## WHAT TO WORK ON
Because only the text is wanted, repeat the records below exactly and omit the pictures.

(SUPPLIED MATERIAL begins)

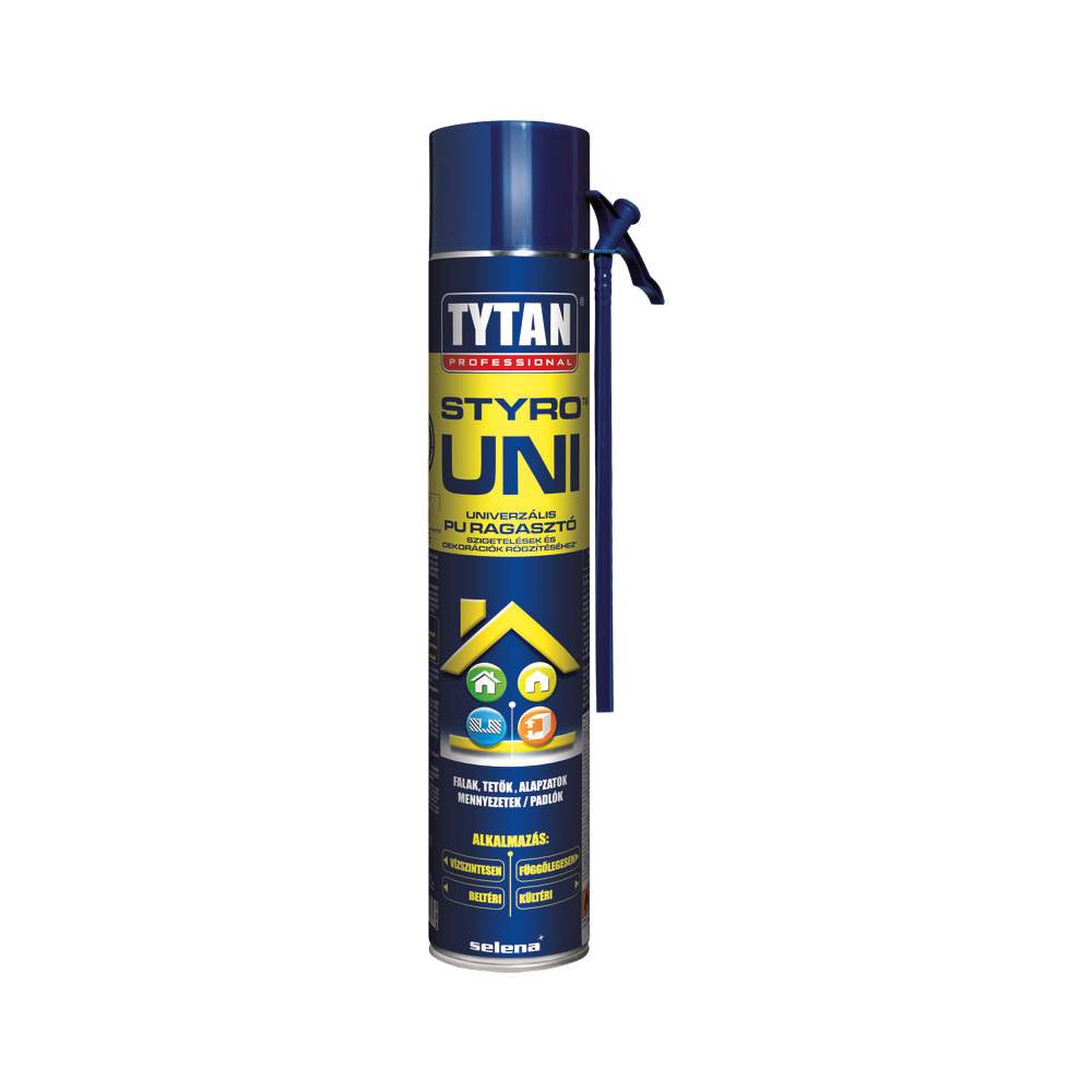 Tytan Styro Uni PU kézi ragasztó 750 ml kiszerelésben, kék színben. Szigetelőelemek, dekorációs táblák rögzítéséhez, javításához, ragasztásához- alkalmazható gipszkarton lapokon, paneleken, falak szigetelő tábláin, homlokzatokon, alapzatokon, tetőkön (EPS, XPS, PIR, PUR) stb. Vízszintes és függőleges felületeken, kül- és beltérben egyaránt felhasználható. Felhasználási hőmérséklet: +5-30°C. Maximális nyitott idő: 5 perc. Maximális korrigálhatóság: 15 perc. Teljes kikeményedés: 24 óra
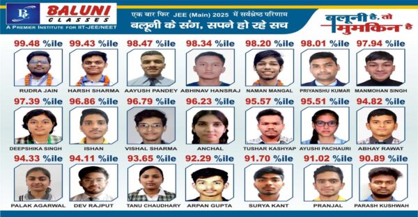 आगरालीक्स…आगरा के बलूनी क्लासेस के छात्र रुद्र जैन और आयुष पांडेय ने जेईई मेन में मारी बाजी, 99.48 और 99.43 पर्सेंटाइल प्राप्त किए।...
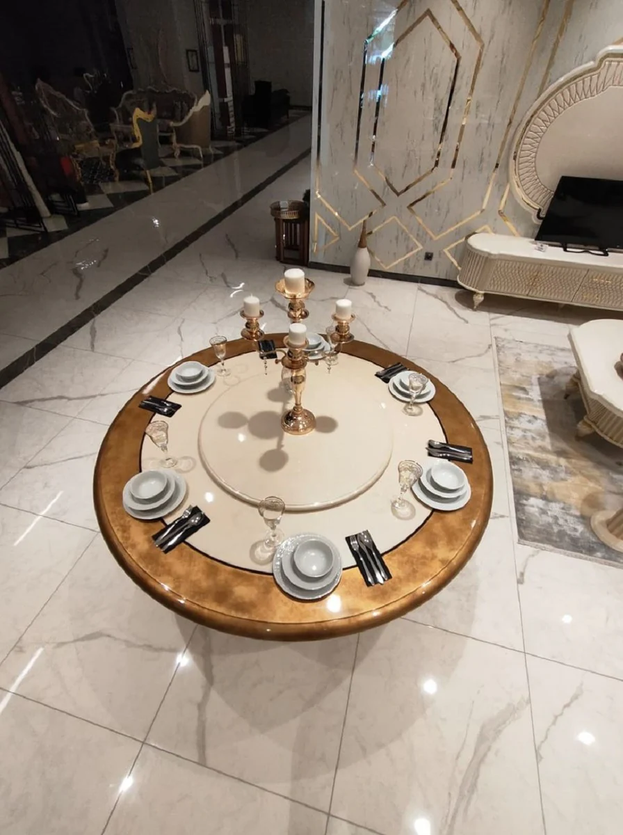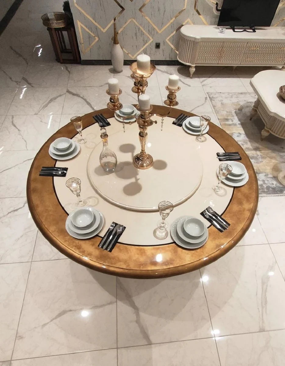 Casa Padrino mesa de comedor barroco de lujo creme / gold - Mesa de comedor redonda de madera maciza con secci¨®n central giratoria - Mobiliario Barroco Noble para Hoteles y Restaurantes
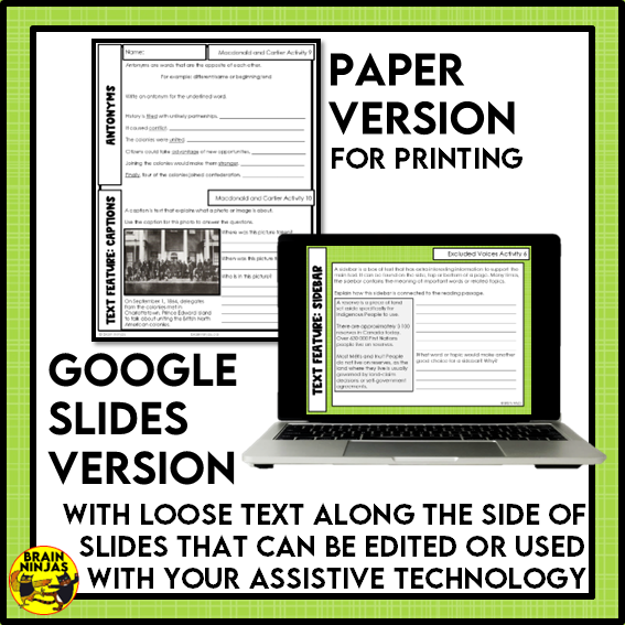- Google Slides Version: Fully digital for tech-friendly classrooms, with detailed troubleshooting support included. The slides include loose text that can be read by your assistive technology (but can easily be moved) for students who need independent support.
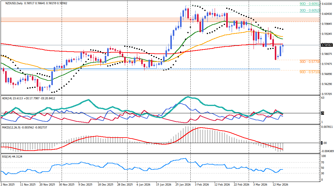 In New Zealand, the fundamental outlook is increasingly pressured. The GDT Price Index recently plummeted to 0.1% from a previous 5.7%, signaling a significant cooling in New Zealand's primary export sector. This data aligns with expectations for the Q4 GDP release, where growth is forecasted to slow to 0.4% on a quarterly basis. While the RBNZ is expected to hold rates steady at its April 8 meeting, a disappointing GDP print tomorrow could increase pressure for a more dovish policy shift later in the year. The fundamental backdrop of slowing domestic growth and falling export prices provides the "why" behind the technical resistance found at 0.5863.
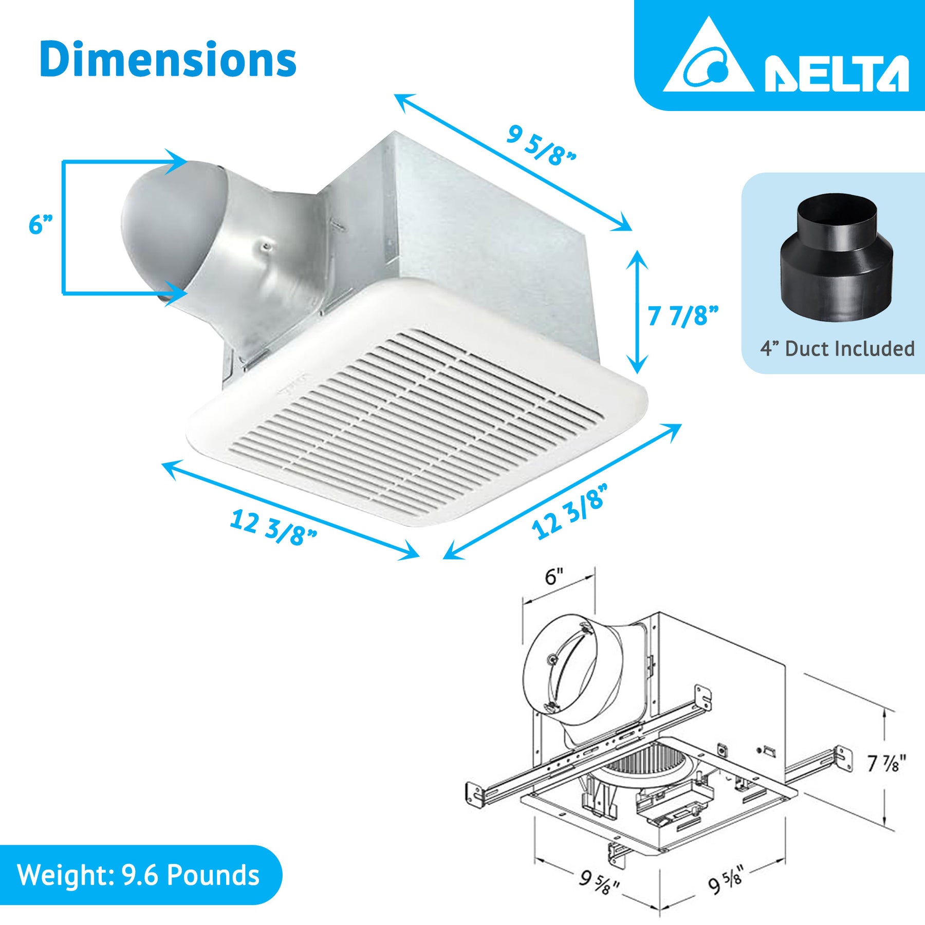 • Includes a 6-inch to 4-inch duct reducer, making it simple to install in a variety of setups, ensuring compatibility with your existing ductwork
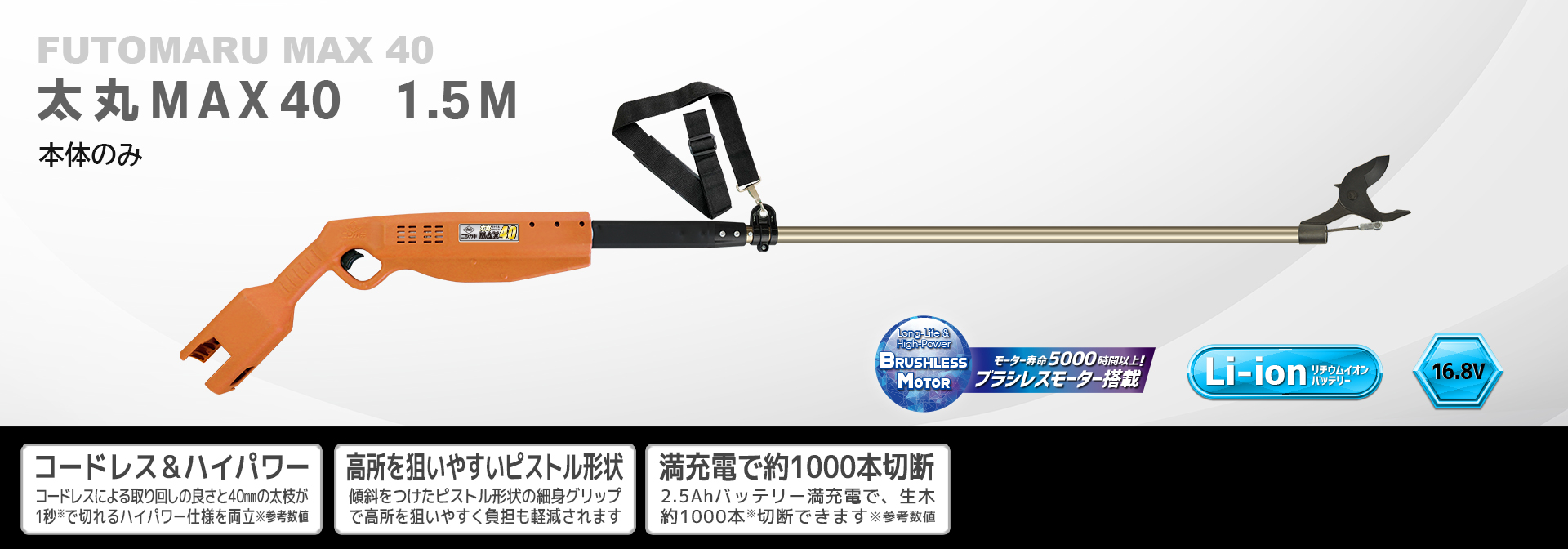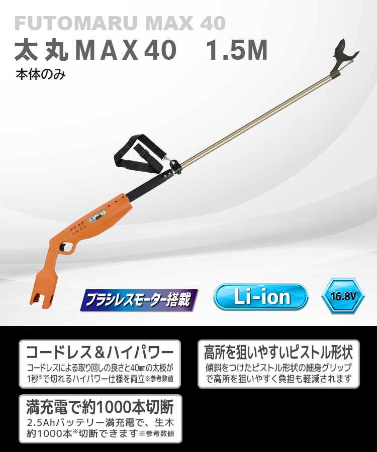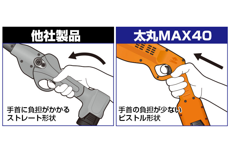 コードレスによる取り回しの良さと、40㎜までの
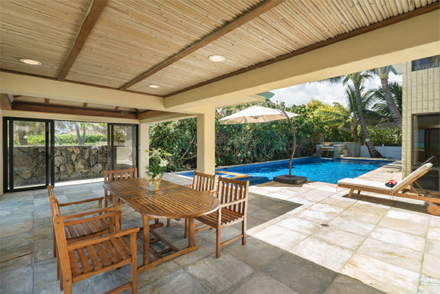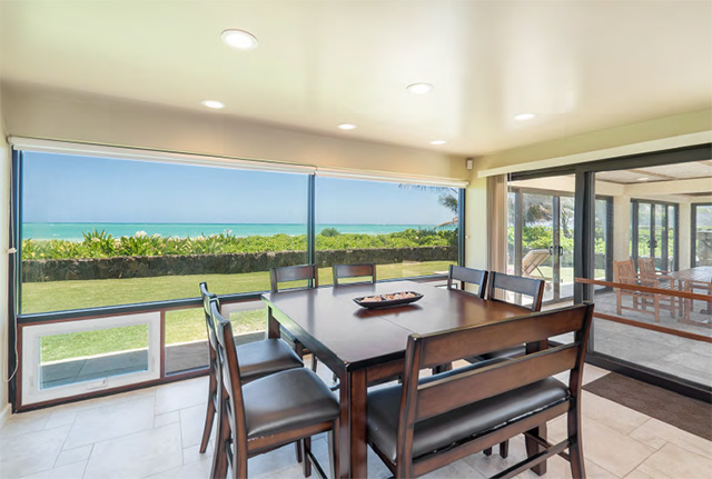 Along the white sand beach of Kailua, Ocean House offers the best of the location. Two stories of panoramic picture windows highlight the gorgeous blue horizon while you relax in the spacious and comfortable living room The dining room and generous kitchen connect seamlessly to the pool deck with its own shaded dining area. The deck is conveniently protected from on-shore winds—allowing you to enjoy the outdoors and sapphire blue pool and spa in any weather.
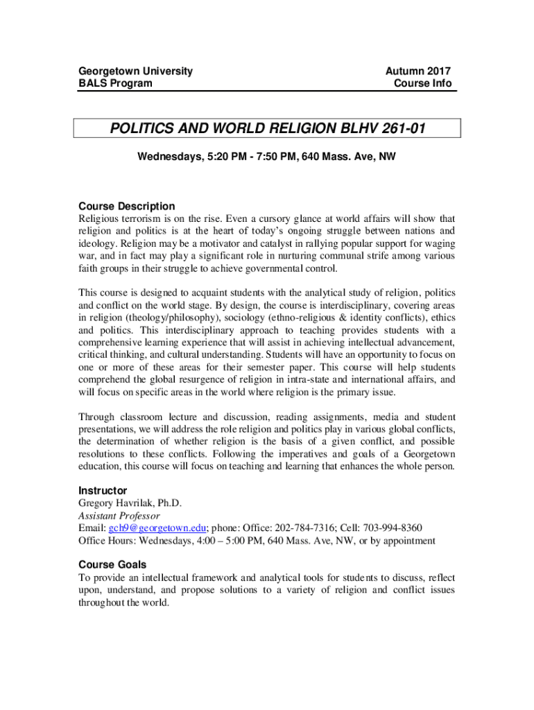 Georgetown University BALS ProgramAutumn 2017 Course InfoPOLITICS AND WORLD RELIGION BLHV 26101 Wednesdays, 5:20 PM 7:50 PM, 640 Mass. Ave, NWCourse Description Religious terrorism is on the rise.

(SUPPLIED MATERIAL ends)

## SOLUTION TO THIS TASK
 Tytan Styro Uni PU kézi ragasztó 750 ml kiszerelésben, kék színben. Szigetelőelemek, dekorációs táblák rögzítéséhez, javításához, ragasztásához- alkalmazható gipszkarton lapokon, paneleken, falak szigetelő tábláin, homlokzatokon, alapzatokon, tetőkön (EPS, XPS, PIR, PUR) stb. Vízszintes és függőleges felületeken, kül- és beltérben egyaránt felhasználható. Felhasználási hőmérséklet: +5-30°C. Maximális nyitott idő: 5 perc. Maximális korrigálhatóság: 15 perc. Teljes kikeményedés: 24 óra
 आगरालीक्स…आगरा के बलूनी क्लासेस के छात्र रुद्र जैन और आयुष पांडेय ने जेईई मेन में मारी बाजी, 99.48 और 99.43 पर्सेंटाइल प्राप्त किए।...
 Casa Padrino mesa de comedor barroco de lujo creme / gold - Mesa de comedor redonda de madera maciza con secci¨®n central giratoria - Mobiliario Barroco Noble para Hoteles y Restaurantes
- Google Slides Version: Fully digital for tech-friendly classrooms, with detailed troubleshooting support included. The slides include loose text that can be read by your assistive technology (but can easily be moved) for students who need independent support.
 In New Zealand, the fundamental outlook is increasingly pressured. The GDT Price Index recently plummeted to 0.1% from a previous 5.7%, signaling a significant cooling in New Zealand's primary export sector. This data aligns with expectations for the Q4 GDP release, where growth is forecasted to slow to 0.4% on a quarterly basis. While the RBNZ is expected to hold rates steady at its April 8 meeting, a disappointing GDP print tomorrow could increase pressure for a more dovish policy shift later in the year. The fundamental backdrop of slowing domestic growth and falling export prices provides the "why" behind the technical resistance found at 0.5863.
 • Includes a 6-inch to 4-inch duct reducer, making it simple to install in a variety of setups, ensuring compatibility with your existing ductwork
 コードレスによる取り回しの良さと、40㎜までの
 Along the white sand beach of Kailua, Ocean House offers the best of the location. Two stories of panoramic picture windows highlight the gorgeous blue horizon while you relax in the spacious and comfortable living room The dining room and generous kitchen connect seamlessly to the pool deck with its own shaded dining area. The deck is conveniently protected from on-shore winds—allowing you to enjoy the outdoors and sapphire blue pool and spa in any weather.
 Georgetown University BALS ProgramAutumn 2017 Course InfoPOLITICS AND WORLD RELIGION BLHV 26101 Wednesdays, 5:20 PM 7:50 PM, 640 Mass. Ave, NWCourse Description Religious terrorism is on the rise.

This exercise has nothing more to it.